// BTLO  ·  Endpoint Forensics

Malware Analysis Ransomware Script

BTLO Easy [linux-cli]

Scenario

Analyse a malicious Linux shell script recovered from a compromised system. The script is a ransomware dropper that downloads tools, encrypts files across the system, and leaves a ransom note. Identify the C2 infrastructure, encryption method, anti-forensics techniques, and execution order of the ransomware functions.


Methodology

Initial Triage — Script Overview

The artefact is a Linux bash script. Static analysis is the primary technique here — reading the script line by line to understand its functionality without executing it. The script is structured into discrete functions covering dependency installation, file encryption, anti-forensics, and C2 check-in.

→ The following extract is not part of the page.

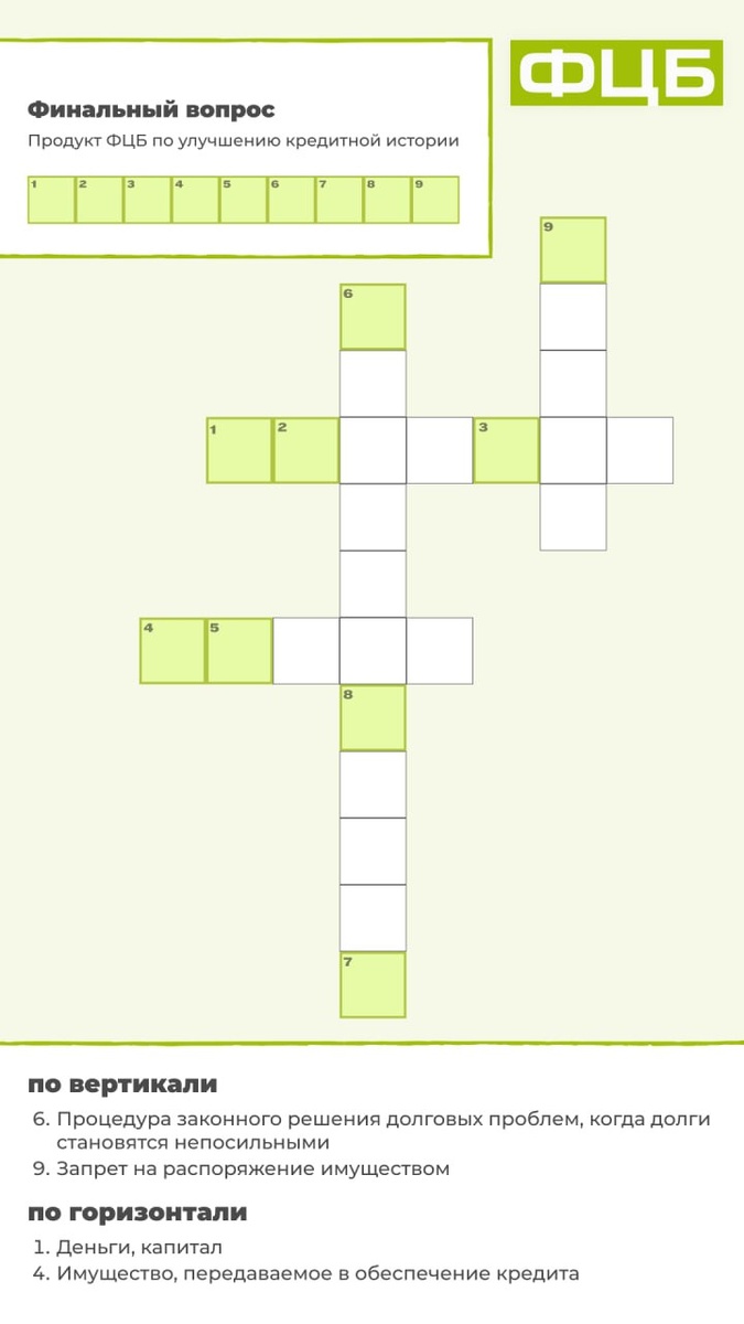 Знаете этот момент, когда банки говорят «скоринг», «БКИ», «рейтинг», а ты просто хочешь узнать — дадут кредит или нет? 🤯 Мы решили: хватит страданий. Давайте поиграем! 🕵️♂️ Перед вами кроссворд на тему кредитов, долгов и банкротства. Разгадаете все слова — а из выделенных жёлтым клеток соберётся секретное слово. Оно связано с продуктом ФЦБ, который возвращает доступ к деньгам. 🎁 Подсказка: секретное слово из 9 букв. Кто угадает первым — тому респект и виртуальный кредитный рейтинг 999 😎 Хотите еще подсказку? Переходите на сайт https://vk.cc/cVA9bb А если ваша реальная кредитная история хромает — не гадайте. Напишите «КРОССВОРД» в сообщения, и мы бесплатно проверим, что с ней не так.

Dependency Installation — Tool Check Functions

The script begins with two dependency check functions that ensure the required tools are present before encryption begins:

check_openssl() {
    apt-get install openssl --yes
    yum install openssl -y
    rm -rf /var/log/yum*
}

check_curl() {
    apt-get install curl --yes
    apt-get install wget --yes
    yum install curl -y
    yum install wget -y
    rm -rf /var/log/yum*
}

Both functions attempt installation via apt-get (Debian/Ubuntu) and yum (RHEL/CentOS) — making the script distribution-agnostic and capable of running on a wide range of Linux systems.

Anti-forensics: After each yum installation, the script deletes yum logs:

rm -rf /var/log/yum*

This removes evidence of the package installations from the system logs, hindering post-incident investigation.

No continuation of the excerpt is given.